I promise I am not one of those researchers who believes only subject-matter experts should talk about cryptography. Really I’m not! I write this blog because I think cryptography is amazing and I want everyone talking about it all the time. Seeing mainstream celebrities toss around phrases like “homomorphic encryption” is literally a dream come true and I wish it happened every single day.
And yet, there are downsides to this much winning.
I ran face-first into some of those downsides when I spoke to policy experts about Kutcher’s proposal. Terms like fully homomorphic encryption can be confusing and off-putting to non-cryptographers. When filtered through people who are not themselves experts in the technology, these ideas can produce the impression that cryptography is magical pixie dust we can sprinkle on all the hard problems in the world. And oh how I wish that were true. But in the real world, cryptography is full of tradeoffs. Solving one problem often just makes new problems, or creates major new costs, or else shifts the risks and costs to other parts of the system.
So when people on various sides of the debate asked me whether “fully-homomorphic encryption” could really do what Kutcher said it would, I couldn’t give an easy five-word answer. The real answer is something like: (scream emoji) it’s very complicated. That’s a very unsatisfying thing to have to tell people. Out here in the real world the technical reality is eye-glazing and full of dragons.

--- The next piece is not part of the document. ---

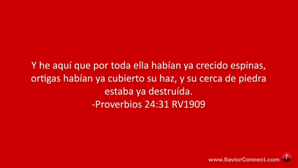 Y he aquí que por toda ella habían ya crecido espinas, ortigas habían ya cubierto su haz, y su cerca de piedra estaba ya destruída. -Proverbios 24:31 RV1909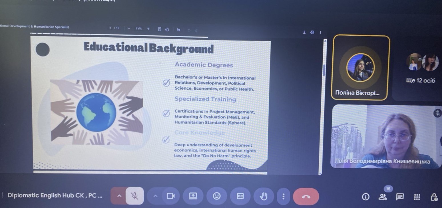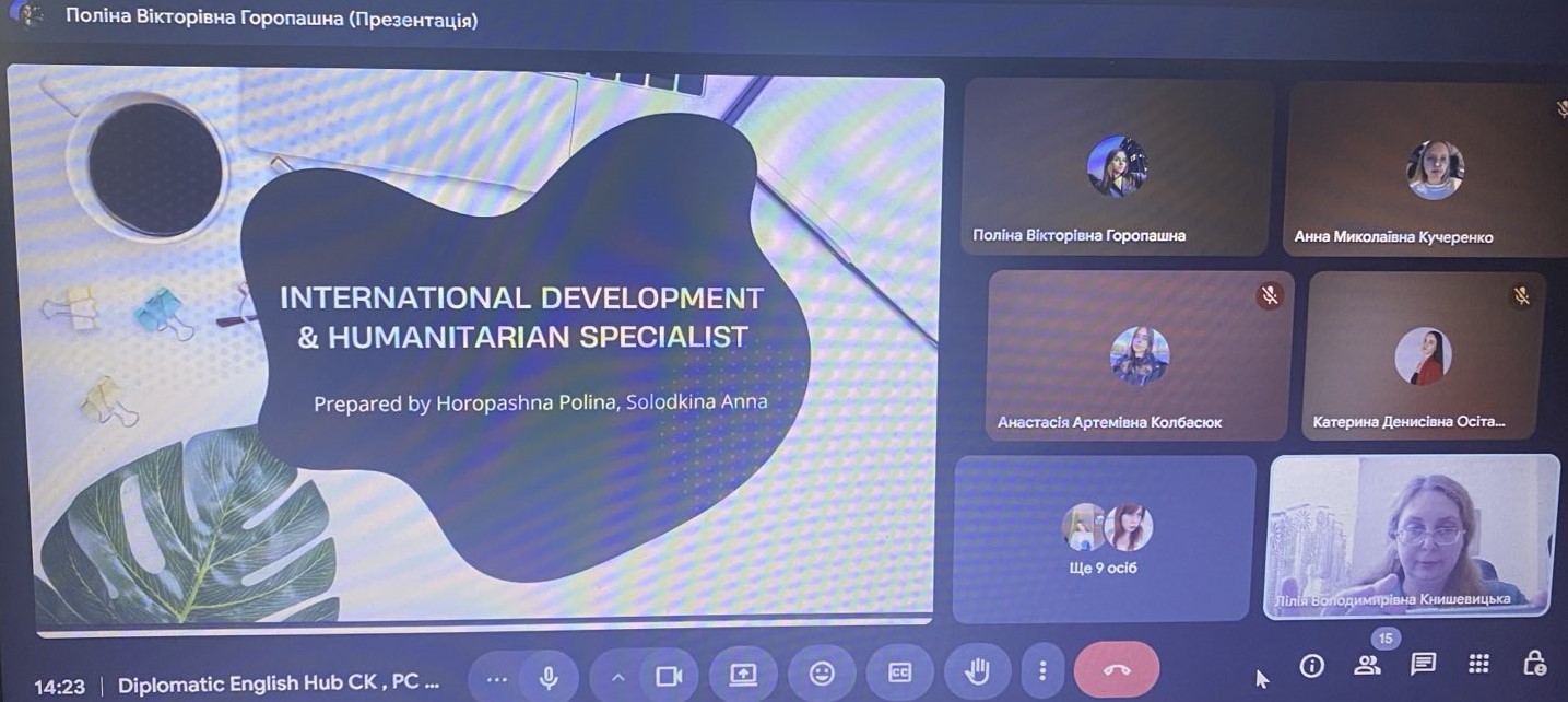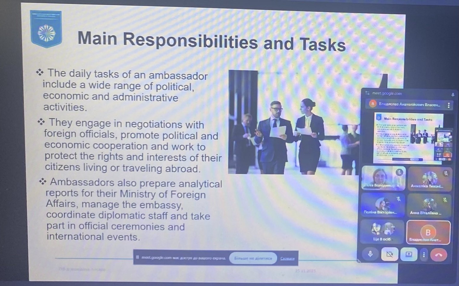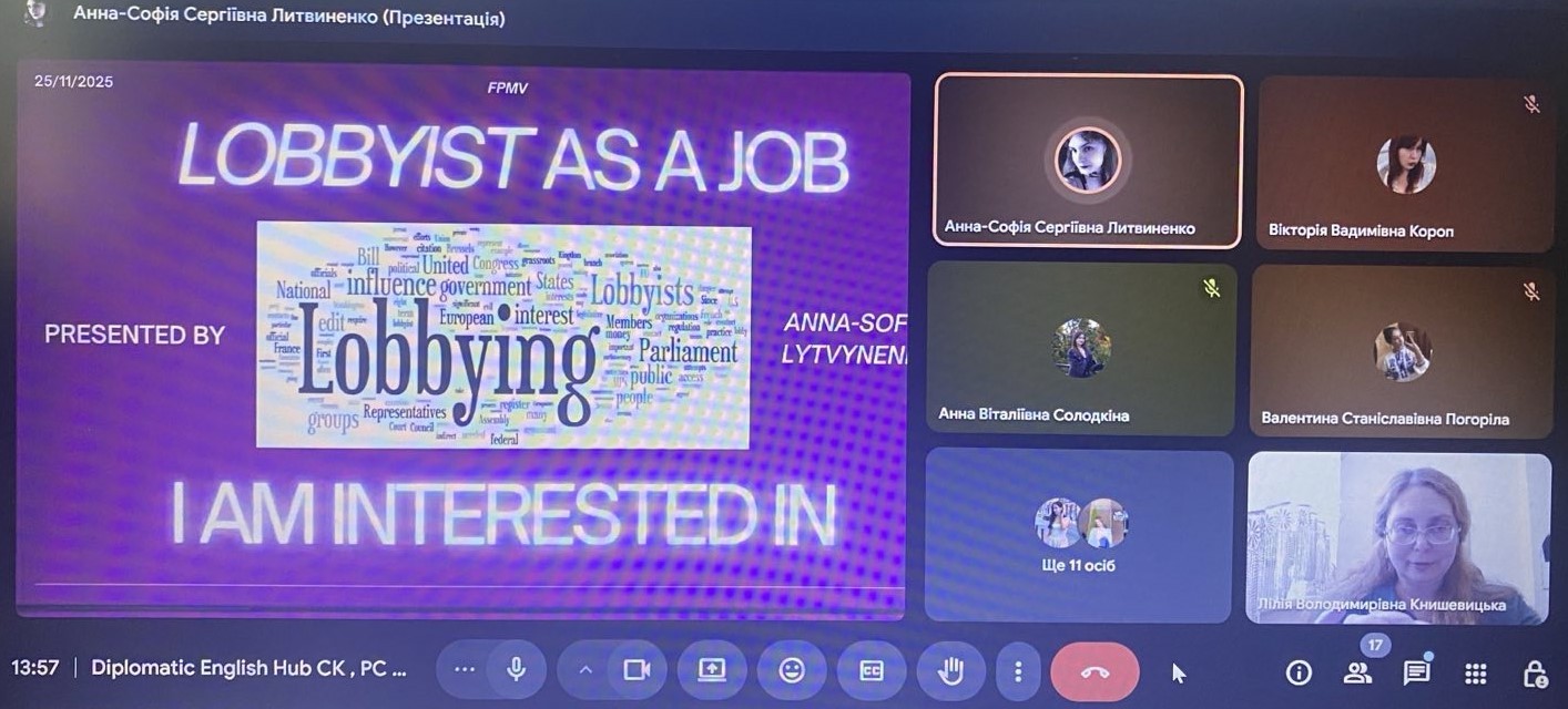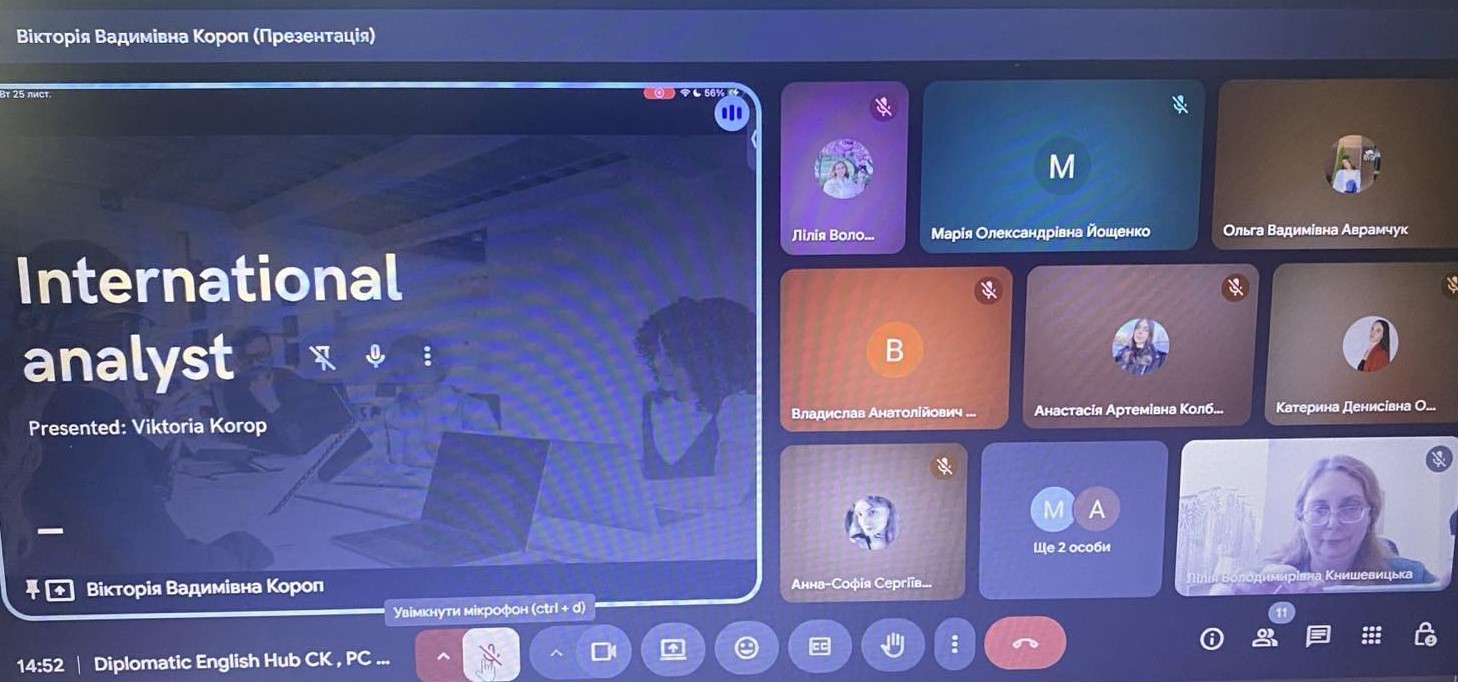 25 листопада 2025 року в онлайн-форматі відбулось засідання науково- практичного кружка «Diplomatic English Hub» зі студентами другого курсу ОП «Суспільні комунікації» та «Регіональні студії». Мова спілкування- англійська. Тема засідання «Професії в дипломатії, міжнародних відносинах та зв’язках з громадськістю». Модерувала зустріч старший викладач кафедри іноземних мов Книшевицька Лілія Володимирівна.

Which brings me to this post.
What Kutcher is really proposing is that we to develop systems that perform privacy-preserving computation on encrypted data. He wants to use these systems to enable “private” scanning of your text messages and media attachments, with the promise that these systems will only detect the “bad” content while keeping your legitimate private data safe. This is a complicated and fraught area of computer science. In what goes below, I am going to discuss at a high and relatively non-technical level the concepts behind it: what we can do, what we can’t do, and how practical it all is.
In the process I’ll discuss the two most powerful techniques that we have developed to accomplish this task: namely, multi-party computation (MPC) and, as an ingredient towards achieving the former, fully-homomorphic encryption (FHE). Then I’ll try to clear up the relationship between these two things, and explain the various tradeoffs that can make one better than the other for specific applications. Although these techniques can be used for so many things, throughout this post I’m going to focus on the specific application being considered in the EU: the use of privacy-preserving computation to conduct content scanning.
This post will not require any mathematics or much computer science, but it will require some patience. So find a comfortable chair and buckle in.
Computing on private data
Encryption is an ancient technology. Roughly speaking, it provides the ability to convert meaningful messages (and data) into a form that only you, and your intended recipient(s) can read. In the modern world this is done using public algorithms that everyone can look at, combined with secret keys that are held only by the intended recipients.
Modern encryption is really quite excellent. So as long as keys are kept safe, encrypted data can be sent over insecure networks or stored in risky locations like your phone. And while occasionally people find a flaw in an implementation of encryption, the underlying technology works very well.
But sometimes encryption can get in the way. The problem with encrypted data is that it’s, well, encrypted. When stored in this form, such data is virtually useless for practical purposes like performing calculations. Before you can compute on that data, you often need to first decrypt it and thus remove all the beautiful protections we get from encryption.
If your goal is to compute on multiple pieces of data that originate from different parties, the problem can become even more challenging. Who can we trust to do the computing? An obvious solution is to decrypt all that data and hand it to one very trustworthy person, who will presumably swear not to steal it or get hacked. Finding those parties can be quite challenging.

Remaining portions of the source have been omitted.